Moonseed
- First edition cover
- Author: Stephen Baxter
- Cover artist: Chris Moore
- Language: English
- Series: NASA Trilogy
- Genre: Science fiction
- Publisher: Voyager Books (UK)
- Publication date: 3 August 1998
- Publication place: United Kingdom
- Media type: Print (hardback & paperback)
- Pages: 500
- ISBN: 0-00-225426-3
- OCLC: 39606642
- Preceded by: Titan

= Moonseed (novel) =

1998 novel by Stephen Baxter

Moonseed is a 1998 science fiction novel by British author Stephen Baxter, and the final book in the NASA Trilogy. The story envisions an alternate history in which the canceled Apollo missions went ahead as planned.

==Plot summary==
Moonseed is an exploration of what could have happened when a rock is returned from the Apollo 18 mission (which was actually cancelled in 1970). In the book, the rock contains a form of grey goo called "moonseed" that starts to change all inorganic matter on Earth into more moonseed. It also gets transferred by a NASA probe to Venus, and the explosion of Venus is the first clue as to what has been happening.

Stephen Baxter combines a host of disciplines (space travel, geology and disaster theory) to tell a tale where the rocks are literally swept from under the feet of humanity. During the course of the novel, in which Edinburgh is the focus for much of the action, Venus is destroyed by an unknown cosmic event that showers the Earth with radiation that somehow stirs the moonseed on Earth. When Moon-dust containing the moonseed is dropped onto the streets of Edinburgh by a lab assistant of the main character, Earth's fate is sealed. The moonseed begins to disintegrate the planet from the inside-out as the core heats up exponentially, while on the surface, nuclear power stations catastrophically fail, earthquakes and volcanic eruptions are abundant, and billions of people die as cities and continents vanish.

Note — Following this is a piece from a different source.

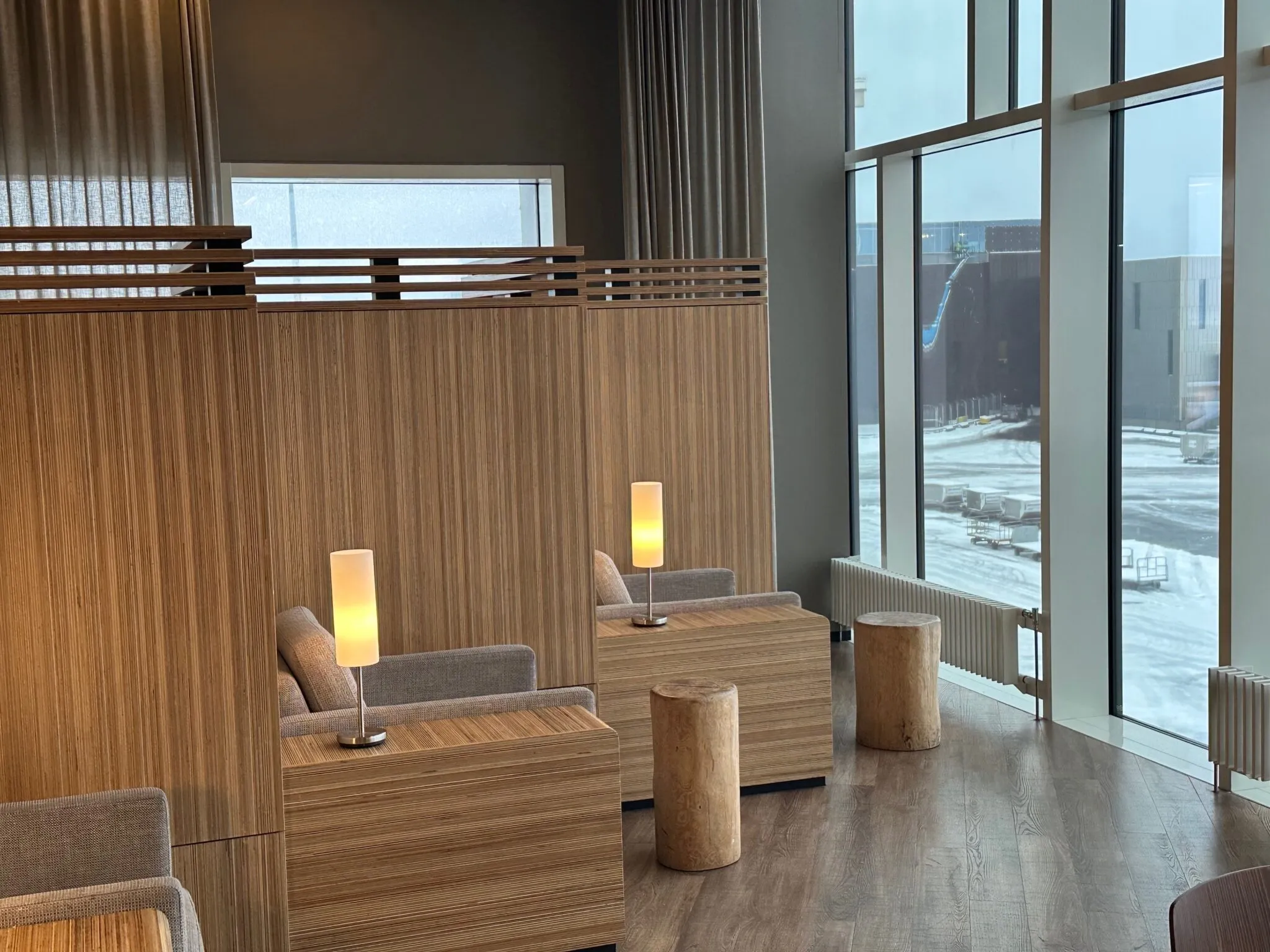 Located in the main terminal near the D gates, the lounge can be accessed by passengers flying up front with Icelandair or via certain codeshare partners, as well as by Saga Gold and Silver loyalty members, a variety of credit card holders, and others.

Over the course of the cataclysmic erosion of Earth, a collective of scientists and engineers from various space agencies from around the world desperately try to terraform the Moon for colonisation, to provide a safe haven for some surviving humans before Earth eventually disintegrates into nothingness along with human civilisation.

This novel also presents numerous theories and ideas about the space-faring future of humanity, albeit in an alternate dimension where we are forced into space by an eroding Earth. It is also, in many stages, critical of NASA's performance over the last thirty years, as well as the United Kingdom's disaster programs.

==See also==
- Apollo 18, a film which uses a similar starting-point, but develops it very differently.